I am a 35-year-old man and my wife is 29. We have been married for seven years. It was an arranged marriage. We have one child who is five years old and we live in a joint family.
My problem is that I like to have sex at least twice a week and she allows it only once in a month or two. She has reasons like, ‘I am too tired and want to sleep’, headache or various aches for not having sex.
When we have sex, she does not kiss me or show any affection. Sometimes I feel like I’m having it with a dead body. She has issues with my mom, but we always stand by her. While having sex she will say things like ‘is our son getting enough wind from a fan’ or ‘is he feeling cold, shall I turn off AC’. She tries only missionary position always and due to this even I lose interest in between. I have started watching porn again, which I had stopped after marriage. Whenever I try to be romantic or flirt with her… she dismisses me.

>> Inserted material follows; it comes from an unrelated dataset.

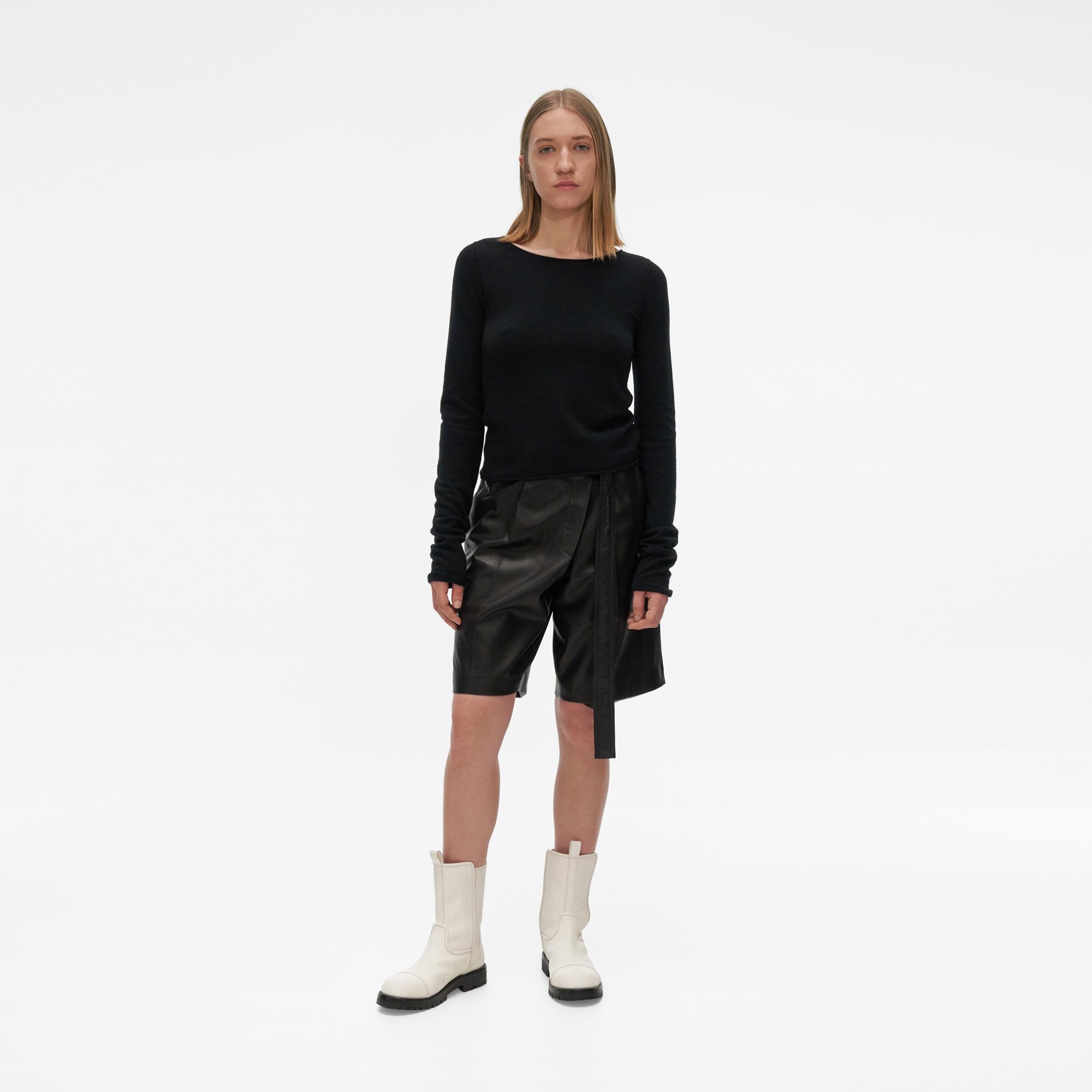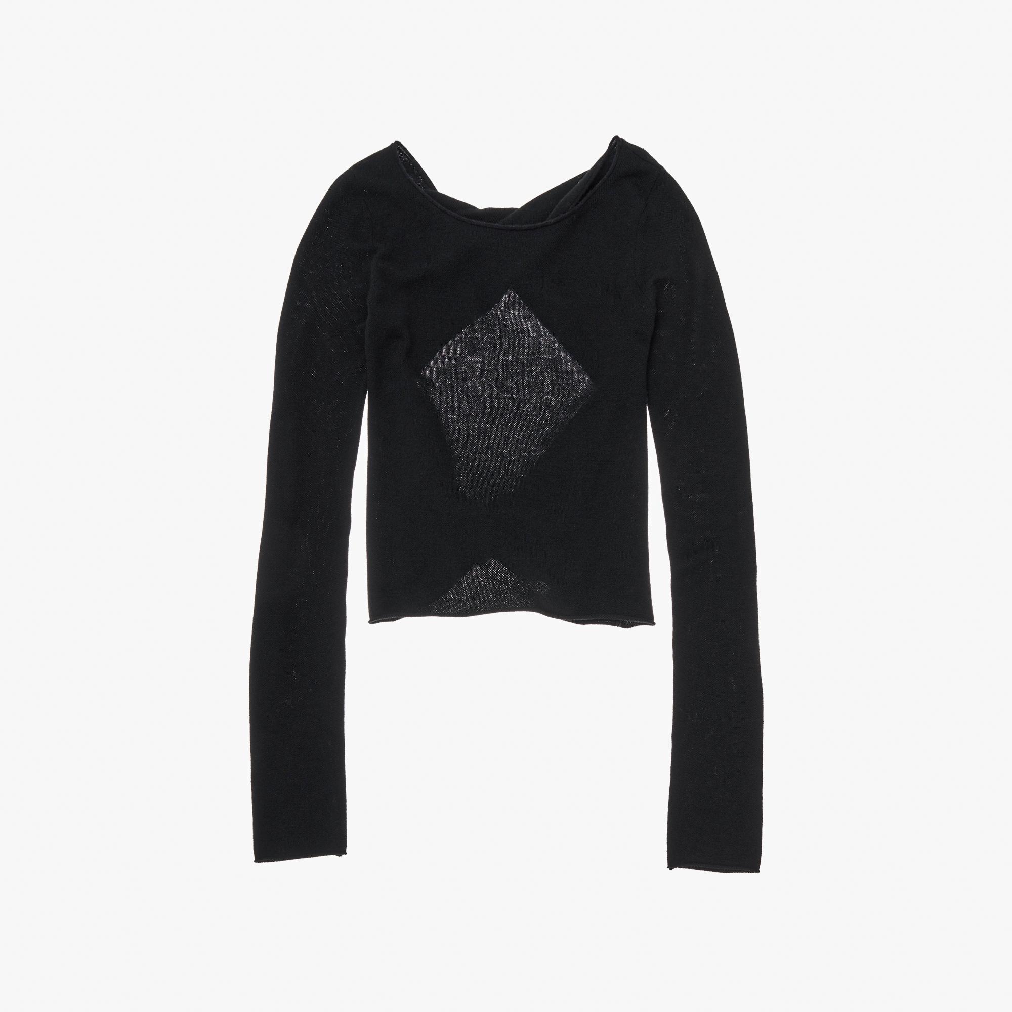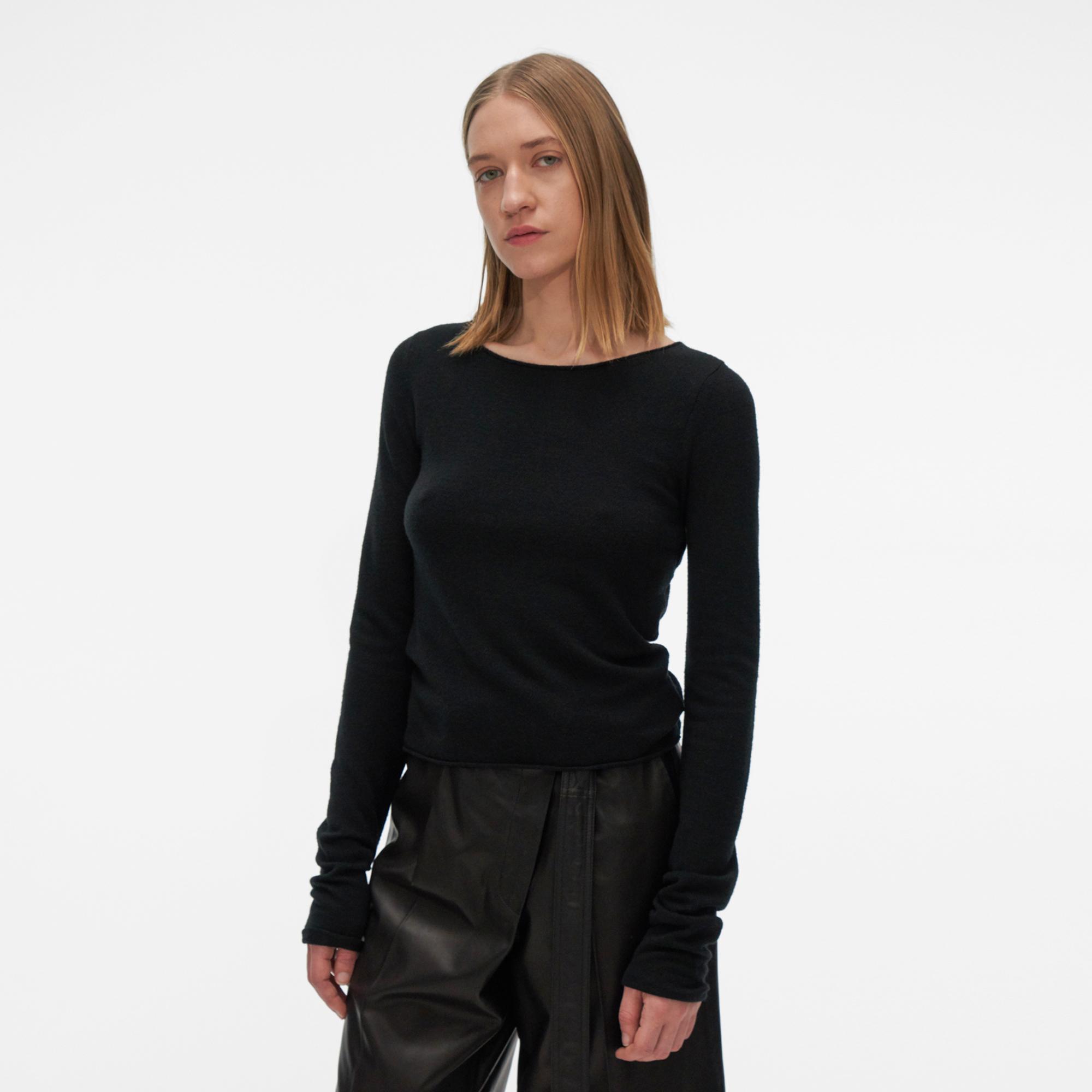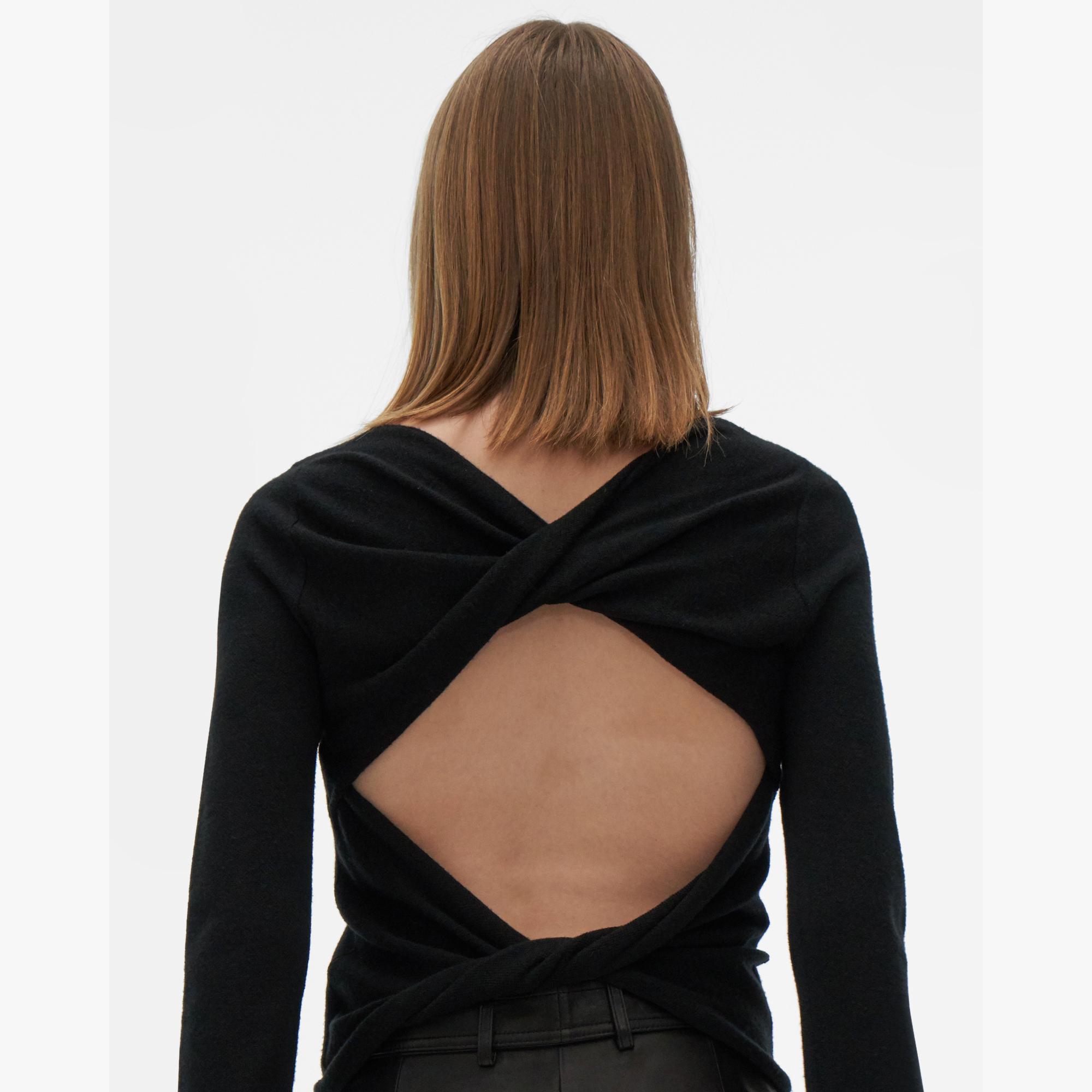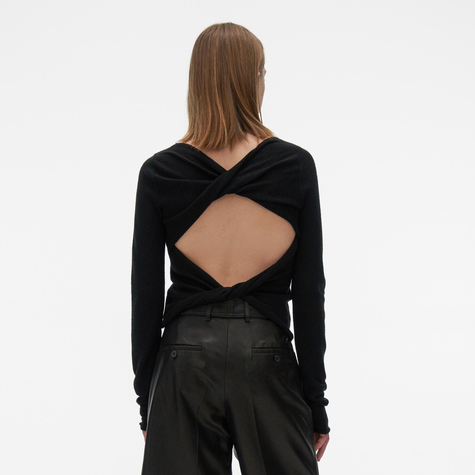 The Helmut Lang Twist Crewneck Sweater is a relaxed pullover with rolled trim and an open back with twist details

The only interests she has is in purchasing dresses (she is not a shopaholic) and going for outings. Recently I have turned down two outings with her family, as she wants me to help her in controlling the kid. I too love my son very much, but what I feel is that she is too into our son and his well being. And she totally neglects me.
I have lost interest in work and everything else including sex. Now I don’t want to have sex with her. I am afraid that I may go out of the marriage for sex. For her sex is painful. I respect her as a woman and love her as my wife but she doesn’t understand the importance of the same. When I tried to talk with her about it… she avoids the topic and talks about something else. I am getting frustrated day by day. Please guide.
Dr. Sharmila says:
I totally emphathise with how you’re feeling.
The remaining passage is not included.